Metro managed to meet its deadline for raising debt capital on Wednesday, with a £350m bond. But paying a 9.5% coupon for senior debt is a heavy price when the Bank of England base rate is 0.75%.
The share price nevertheless jumped by around a fifth, erasing some of the losses after its failed attempt to raise the debt last week. While the bank did not appear to be on the brink of an actual capital or liquidity squeeze, for shareholders its compliance with minimum requirements for own funds and eligible liabilities (MREL) was key to its viability.
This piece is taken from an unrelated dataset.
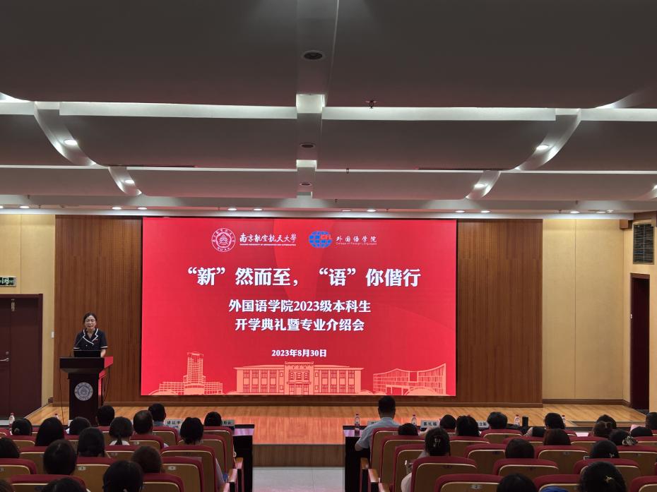 英语系主任张立新鼓励新生以立德树人和服务国家、行业、学业为导向,固本强基、守正创新,在掌握听、说、读、写的语言基础的同时,培养开阔的国际视野与较好的跨学科跨文化沟通合作能力;日语系主任窦硕华以“选择南航日语,开辟精彩人生”为主题,通过数据展示,清晰明了地展现了南航日语在行业内的优势以及专业特色。

Meanwhile, earlier this year Deutsche’s ability to carry out its planned restructuring was made “more feasible” by a rule change giving it more freedom to pay coupons on additional tier one bonds, its finance chief said. Otherwise, the restructuring costs could have prevented it servicing the bonds, shutting it out of that critical market.
Tougher capital requirements are designed to make banks less likely to fail, and make failure less burdensome for the state. It comes at a time of low rates. While this may entice yield-hungry investors to riskier debt, more fundamentally it challenges banks’ entire business models.
While the sector as a whole is better capitalised, European regulators have to make a choice for the banks where a regulatory capital issue threatens to be the catalyst for a confidence problem.
Option one: hold fast on the rules and risk a disruptive death spiral, which at least would help push banking consolidation. Option two: ease off on the deadlines and find other ways to help the banks, such as through long-term funding schemes.
The Bank of England may have escaped this choice for now, but unless the rates environment changes, it will crop up in Europe again.